= Króka-Refs rímur =

17th-century narrative poem by Hallgrímur Pétursson

Króka-Refs rímur, by Hallgrímur Pétursson, is one of several verse retellings of the medieval Icelandic saga Króka-Refs saga in the form known as rímur.

==Composition==
The date of composition is uncertain, with proposals ranging from when Hallgrímur was in his twenties (1634–44) to the mid-seventeenth century.

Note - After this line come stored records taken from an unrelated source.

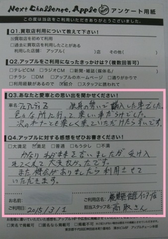 お車のご相談・ 査定だけでもOK! カンタン 入力 30秒 アップルがブランド買取始めました! お電話でも受付中! 受付時間9:30 ~ 18:30 046-833-8881 お車のご相談・ 査定だけでもOK! カンタン 入力 30秒 アップルがブランド買取始めました! お電話でも受付中! 受付時間9:30 ~ 18:30 046-833-8881 アップルがブランド買取始めました! お電話でも受付中! 受付時間9:30 ~ 18:30 046-833-8881 店舗情報 在庫車 スタッフ紹介 ブログ お客様の声 キャンペーン お得 無料査定 click お客様の声 ご記入日: 2015/03/01 T・T様 ■ご利用日時■ H27年3月1日■車種■ フェアレディZ■担当者■ 高取【アップルに対する感想をぜひお書きください】満足度★★★★かなりわがままを言いましたが 受け入れてくれて大変良かったですまた機会がありましたら利用させていただきます。 前へ 次へ お客様の声一覧を見る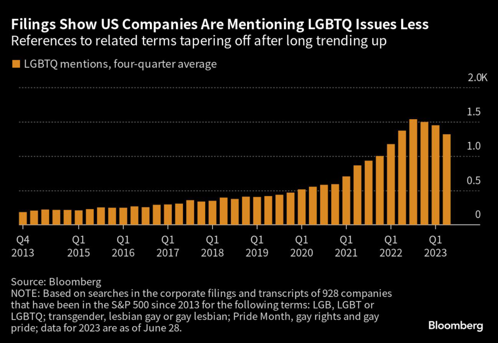References to “Pride Month” in filings, presentations and transcripts from April to June at more than 900 of the largest US companies dropped almost 40% from this time last year, the first decline in five years. Other LGBTQ terms showed similar declines, the analysis found.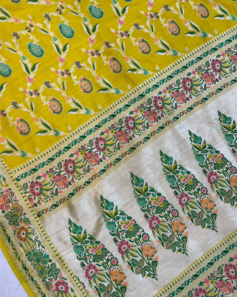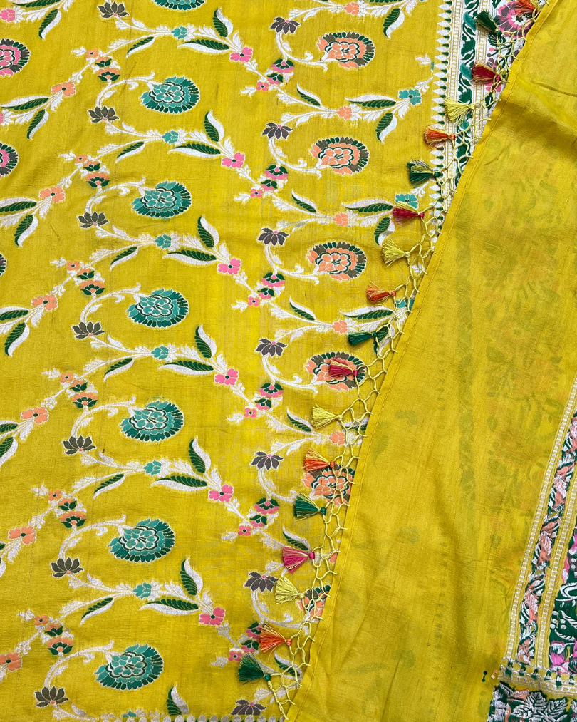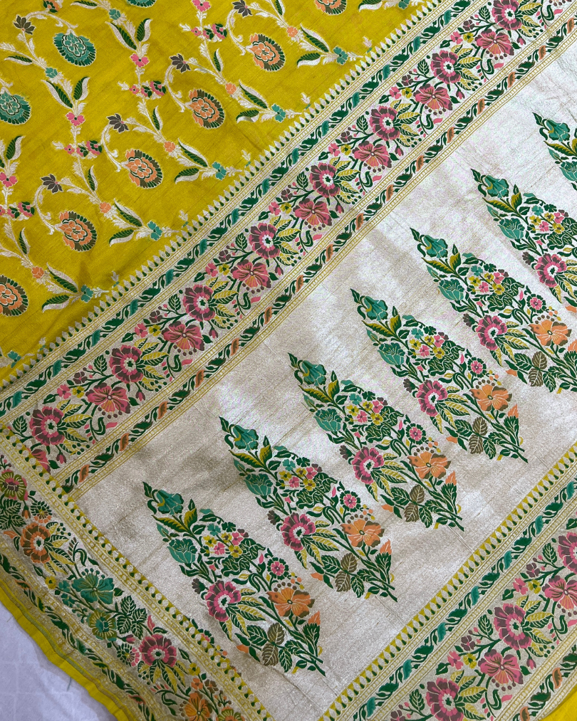 Yellow Tissue Tusser Georgette Banarasi Saree
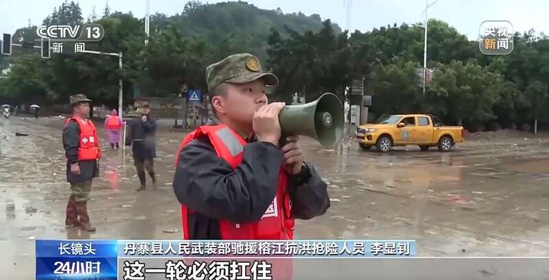丹寨县人民武装部驰援榕江抗洪抢险人员 李显钊:半个小时前才问了一下,家里报了平安,让我们在外面的人一切要平安,我们同时在努力,这一轮必须扛住,也必须坚持住。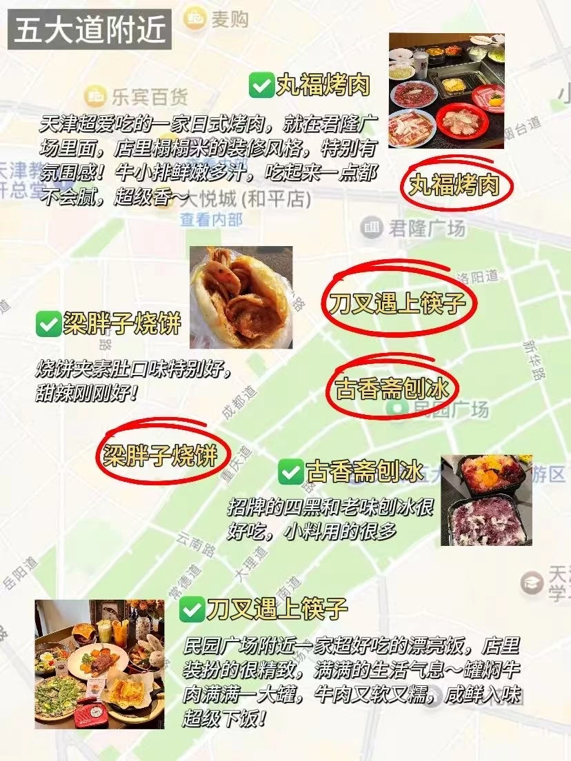 📍五大道:丸福烤肉、刀叉遇上筷子、粱胖子烧饼、古香斋刨冰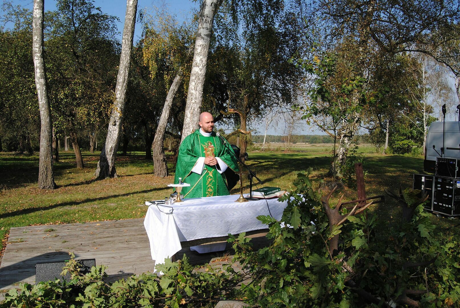 Uroczystość rozpoczęła się o godzinie 11:00 Hubertowską Polową Mszą Świętą w intencji jeźdźców, myśliwych i leśników, w oprawie muzycznej Zespołu Francuskiej Muzyki Myśliwskiej „Trompes de Pologne”. Zespół ten, powstały w 2000 roku, jest jedyną w kraju formacją prezentującą tradycyjną francuską muzykę myśliwską, wywodzącą się z dawnych konnych polowań par force.

Hallgrímur's other rímur are adapted from non-Icelandic sources, but within Króka-Refs rímur, Hallgrímur intimates that "he wants to show his country the respect it deserves by choosing from its literary creations". Lea D. Pokorny has commented that "it might seem curious that he chose Refur over some of the other saga protagonists but perhaps he felt connected to the witty and well-versed trouble maker, who not only composes poetry but also plays with words continuously throughout the saga". In Pokorny's view, "it may be assumed that Króka-Refs rímur were amongst others enjoyed by multiple layers of Icelandic society, spanning from professionals to people without formal education."

The poem survives in at least eighteen manuscripts.

==Editions==
- Hallgrímur Pétursson. Króka-Refs rímur og Rímur af Lykla-Pétri og Magelónu eftir síra Hallgrím Pétursson. Edited by Finnur Sigmundsson. Rit Rímnafélagsins 7. Reykjavík: Rímnafélagið, 1956.